I've written this query which works but is slow, it doesn't use a boolean but rather a count that will be either zero or one. Any suggested improvements are gratefully accepted:
SELECT u.number,u.name,u.deliveryaddress,
(SELECT COUNT(productUserid)
FROM ProductUser
WHERE number = u.number and productid = #ProductId)
AS IsInPromo
FROM Users u
UPDATE
I've run the query with actual execution plan enabled, I'm not sure how to show the results but various costs are:
Nested Loops (left semi join): 29%]
Clustered Index scan (User Table): 41%
Clustered Index Scan (ProductUser table): 29%
NUMBERS
There are 7366 users in the users table and currently 18 rows in the productUser table (although this will change and could be in the thousands)
You can use EXISTS to short circuit after the first row is found rather than COUNT-ing all matching rows.
SQL Server does not have a boolean datatype. The closest equivalent is BIT
SELECT u.number,
u.name,
u.deliveryaddress,
CASE
WHEN EXISTS (SELECT *
FROM ProductUser
WHERE number = u.number
AND productid = #ProductId) THEN CAST(1 AS BIT)
ELSE CAST(0 AS BIT)
END AS IsInPromo
FROM Users u
RE: "I'm not sure what this type of query is called". This will give a plan with a semi join. See Subqueries in CASE Expressions for more about this.

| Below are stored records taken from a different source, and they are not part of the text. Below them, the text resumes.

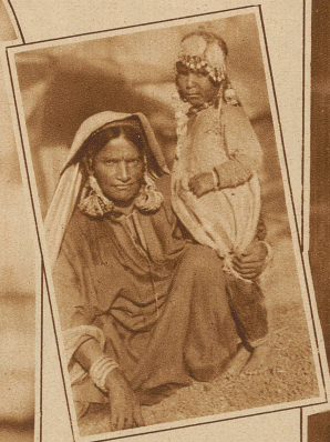
Hindumädchen aus Nord-Kashmir mit reichem Silberschmuck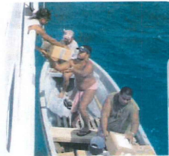
Delivery of school books

A welcome and important ministry to the island pastors and church leaders is the Biblical teaching the Sea Haven crew provides. Their goal is to develop Christian leaders and disciple men who can lead and grow established island churches.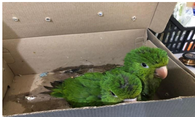
(48198 e 48199) – Maritacas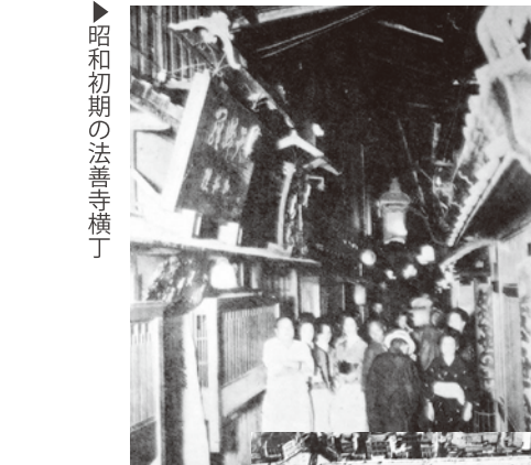
▲昭和初期の法善寺横丁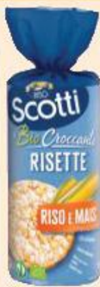
SCOTTI GALLETTE DI RISO E MAIS BIO 150 G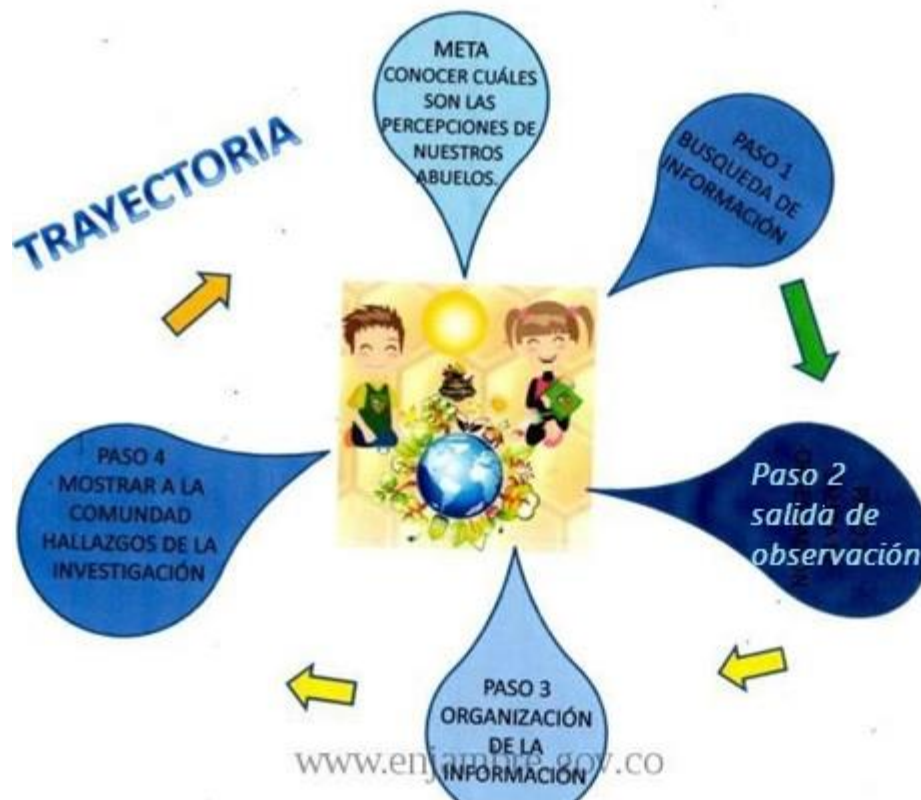
Imagen 3. Trayectoria propuesta por el grupo

El grupo de investigación Puyanenses “Un mundo mejor” centra sus labores en la ejecución de la trayectoria de indagación que plantea desarrollar las siguientes etapas: 1) Búsqueda de información, 2) salida de observación, 3) Organización de la información, 4) Mostrar a la comunidad hallazgos de la investigación.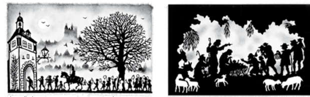
Abendlicher Laternenumzug am Sankt Martinstag Kommet ihr Hirten (Krippenmotiv)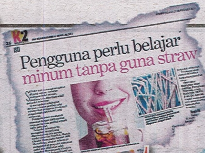
K2 pada 25 September 2018 turut melaporkan pengguna perlu belajar minum tanpa straw plastik.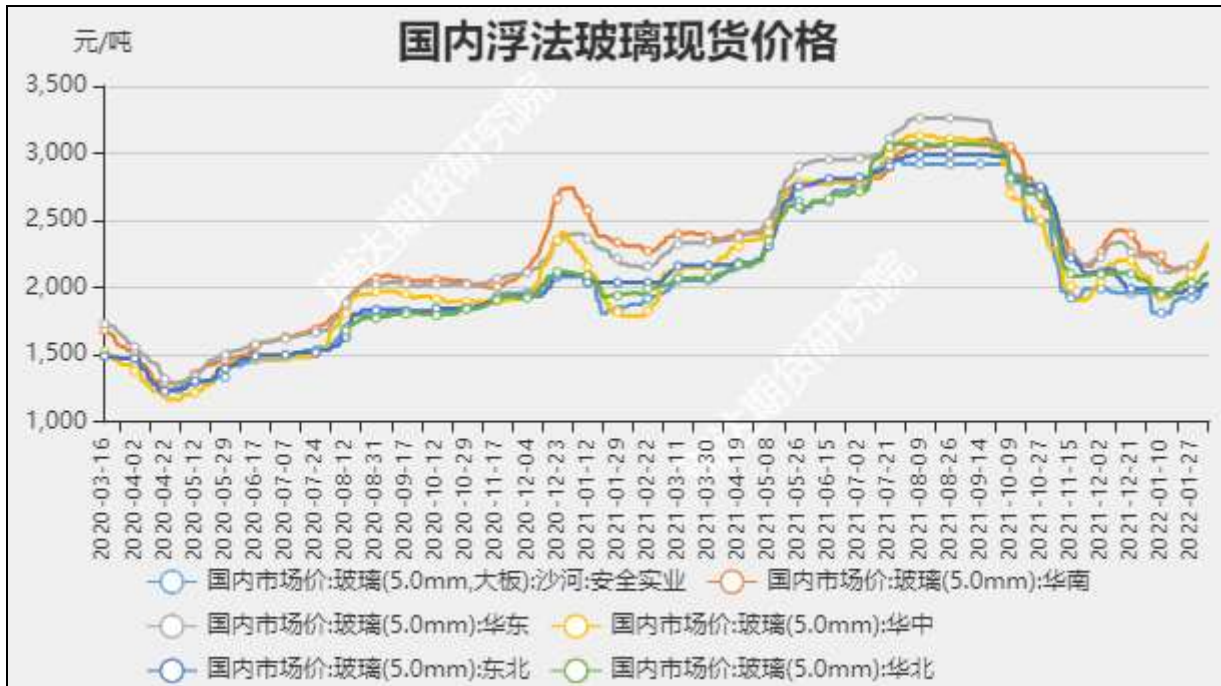
图5：国内玻璃现货价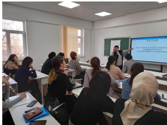
2022-ж. февраль айында “Орто кесиптик билим берүү тармагында окутуучу” программасы боюнча окутуучуларды кайра даярдоо курсу улантылды (3-группа).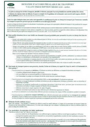
Demande d'accord préalable de transport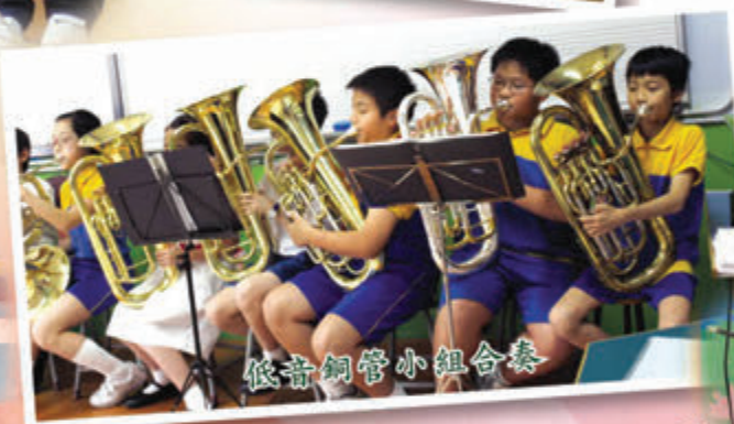
低音銅管小組合奏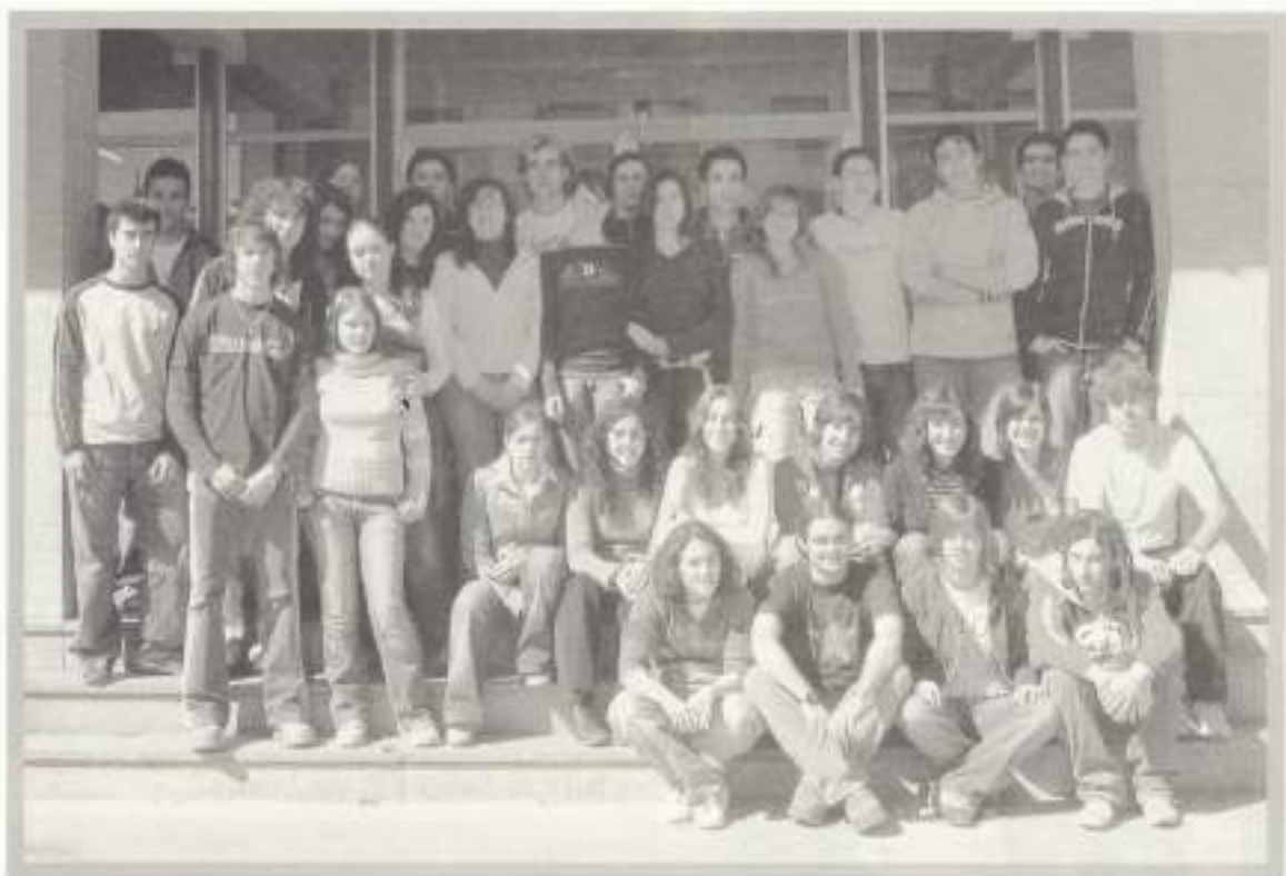
2º C Bachillerato.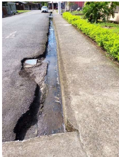
3 • Pejibaye Sector Doña Fina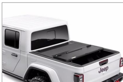
(opc. CSU) Pokrov kesona (3-delni Hard) Mopar®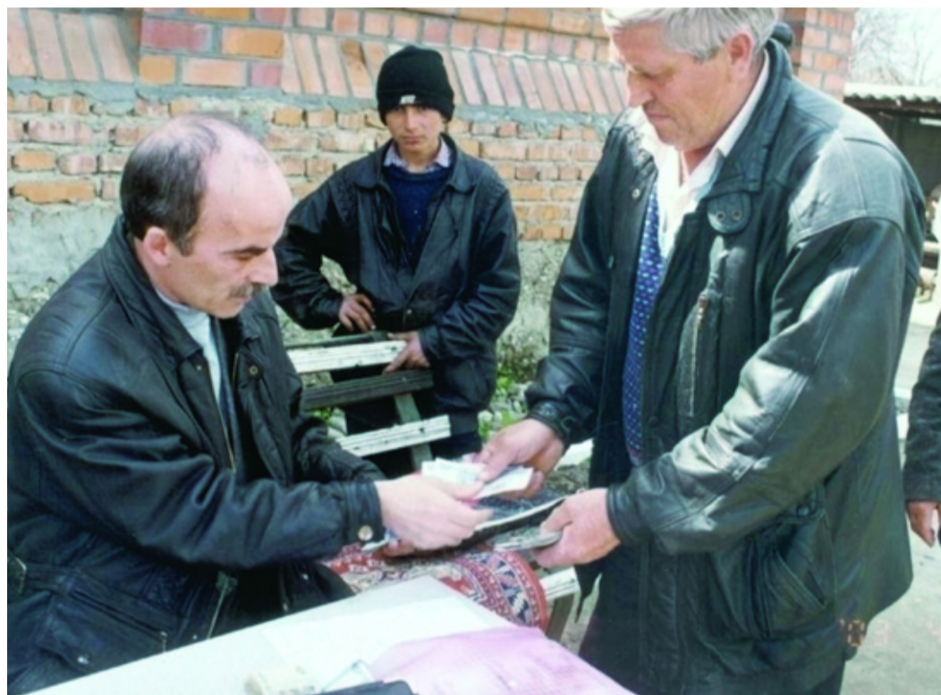
Работники вновь созданного Червленненского ЛПУМГ впервые за несколько лет получают зарплату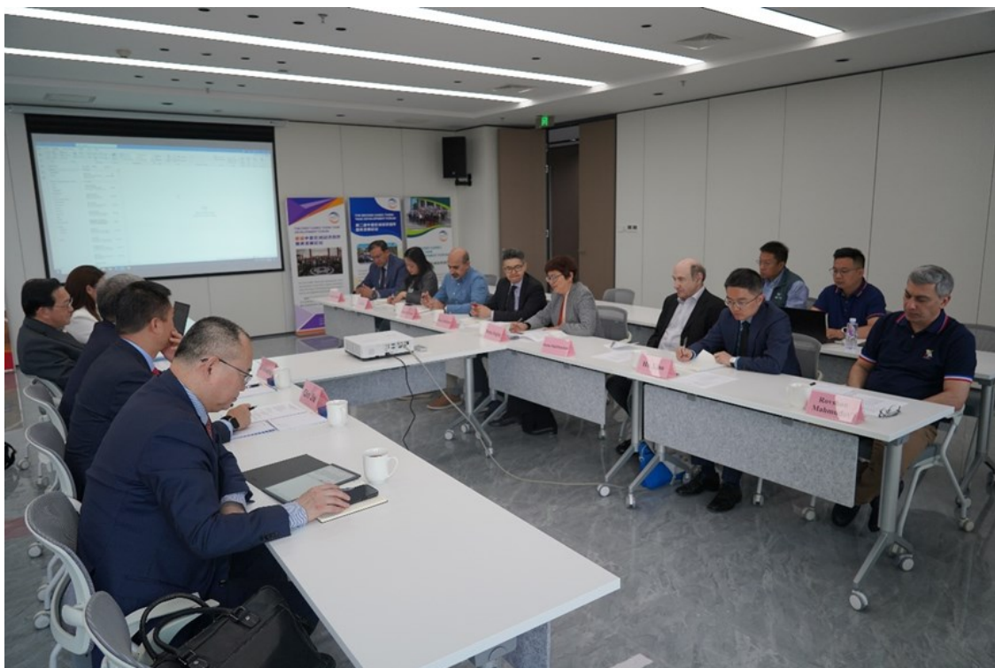
东盟与中日韩宏观经济研究办公室代表一行来访中亚学院

AMRO与中亚学院加强伙伴关系将有助于提升东盟与中日韩以及CAREC地区经济韧性和稳定。双方的合作将对所有成员国发展大有裨益，将促进持续的经济增长和发展。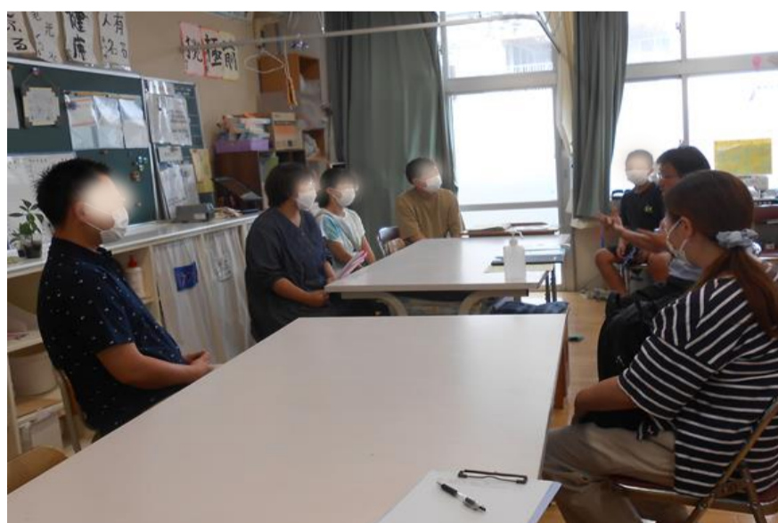
中学校特別支援学級担任による6年保護者説明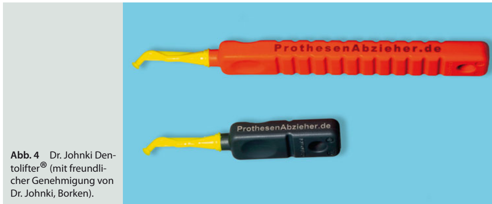
Abb. 4 Dr. Johnki Dentolifter®.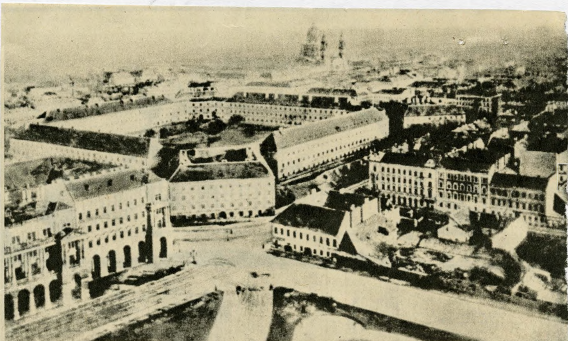
Az Újépület a múlt század végén (a fénykép az akkor épülő Országház tetejéről készült)

volt — csak 1851 tavaszán fogták el, s a Najgebajdéban ítélték el hosszú várfozságra. Ugyancsak ott ítélték el Madách Imrét is, mert egyik íróársát rejtegette. Százával szenvedtek ott hazafiak: 1849 második felében 910 fogoly volt az épületben, de a következő félévben is még 621. Halálos ítéletet 218-at hoztak ott, de csak egy részüket hajtották végre. 1851. szeptember 26-án ott szögezték bitófára a távollétükben elítélt vezetők nevét — utolsónak Kossuth Lajosét.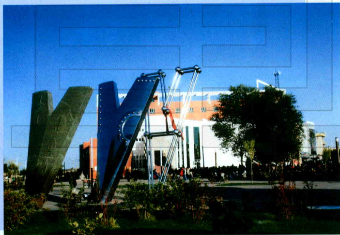
犁铧组:犁铧尖地名的由来,由青铜、不锈钢等材料制成,寓古城之过去、现在和未来。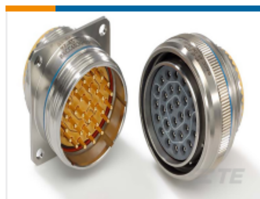
TE 产品编号ZPF00000000000007174 983-ORS 08-98 PN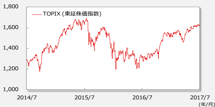
【TOPIX(東証株価指数)の推移】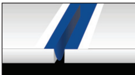
Расположение Mapeband в форме буквы Ω в деформационном шве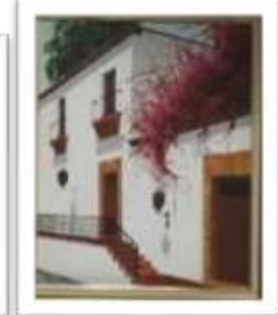
OBR-002283 AUTOR: LUIS OVIEDO RD$12,500.00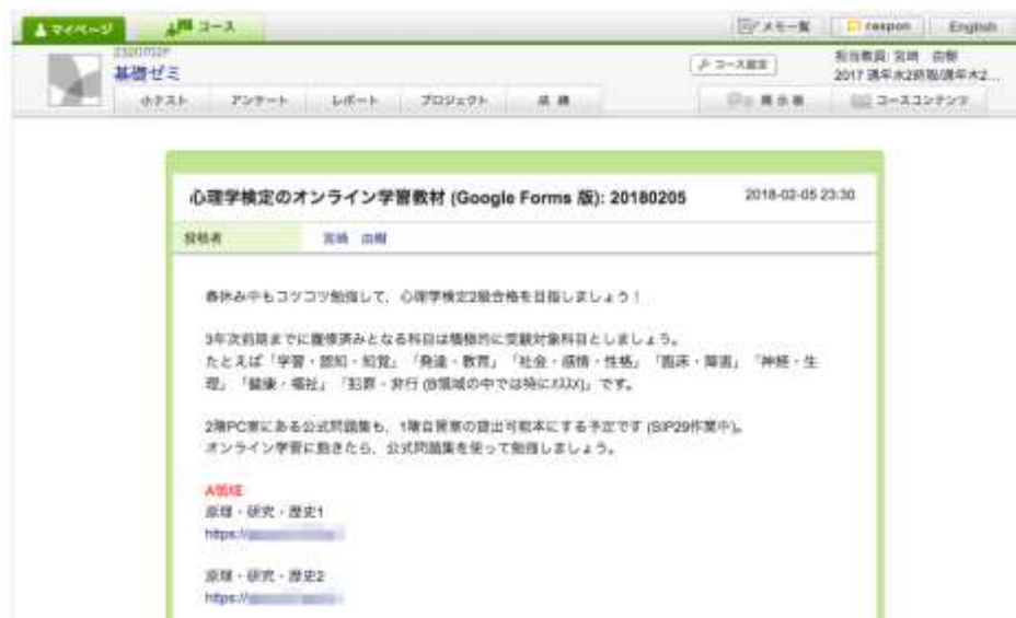
Figure 4. Cerezo のコースニュースや掲示版にて、受講者が作成したオンライン学習教材を共有。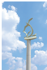
「in the sky」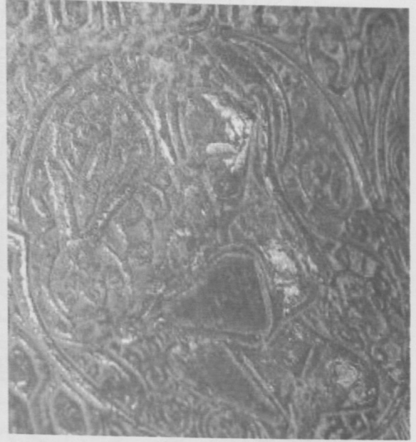
Fot.11 Boğa Burcu-Nisan (Venüs).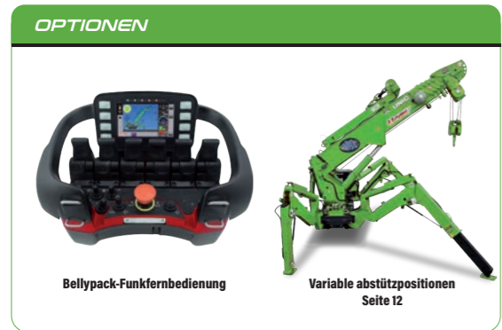
Bellypack-Funkfernbedienung Variable abstützpositionen Seite 12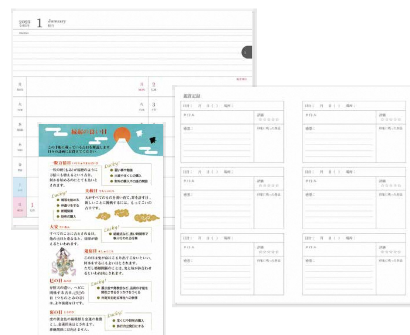
▲縁起の良い日が毎月わかる!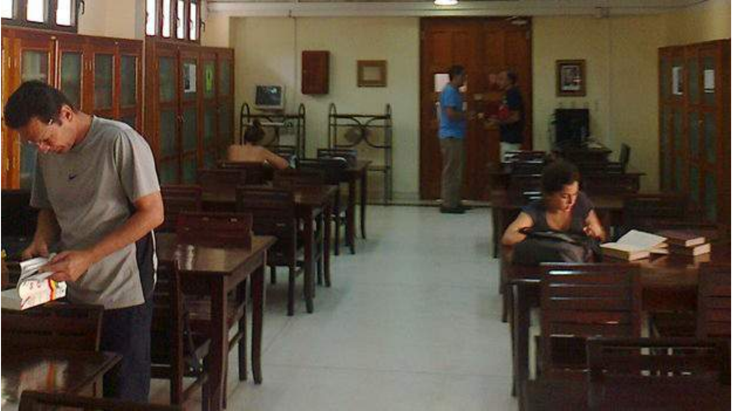
El interior de la Biblioteca Diocesana Manuel García-Garófalo en Santa Clara.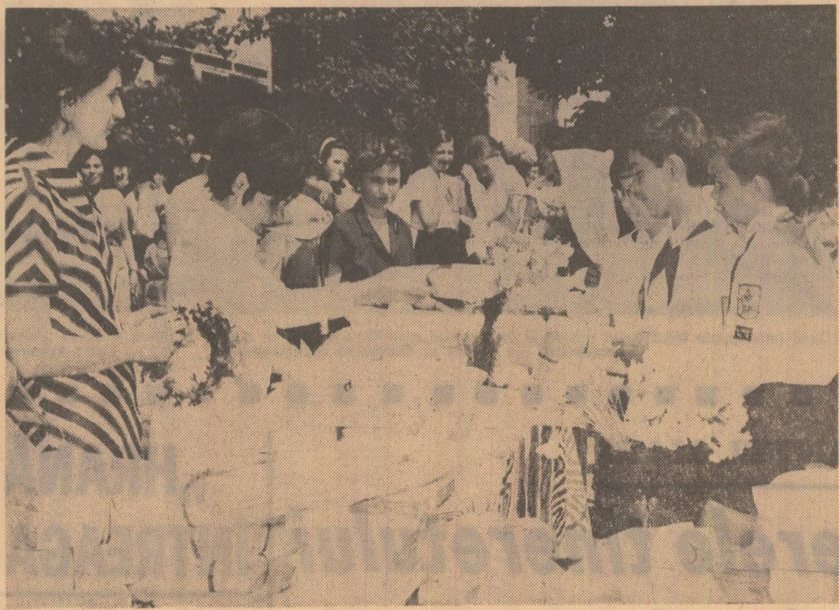
Cununi și premii pentru cei moi buni

Obiectivul fotografic nu se oprește programatic asupra unor secvențe spectaculoase; eroismul se află conținut în gesturile cele mai simple, în dimensiunea cotidiană a faptelor, acelor urme de fapt, luptă și eroism au devenit o condiție firească a existenței. Impresionanță în realizarea acestor fotografii economia mijloacelor folosite. Totul este surprins pe viu, viața însăși instituită în aceste imagini o realitate coplesitoare prin autenticitatea sa. Sunt imagini-document, izvorite din pulsul

Which management system are you using?
Try this:
SELECT u.number,u.name,u.deliveryaddress,
case when COUNT(p.productUserid) > 0 then 1 else 0 end
FROM Users u
left join ProductUser p on p.number = u.number and productid = #ProductId
group by u.number,u.name,u.deliveryaddress
UPD: this could be faster using mssql
;with fff as
(
select distinct p.number from ProductUser p where p.productid = #ProductId
)
select u.number,u.name,u.deliveryaddress,
case when isnull(f.number, 0) = 0 then 0 else 1 end
from Users u left join fff f on f.number = u.number
Since you seem concerned about performance, this query can perform faster as this will cause index seek on both tables versus an index scan:
SELECT u.number,
u.name,
u.deliveryaddress,
ISNULL(p.number, 0) IsInPromo
FROM Users u
LEFT JOIN ProductUser p ON p.number = u.number
WHERE p.productid = #ProductId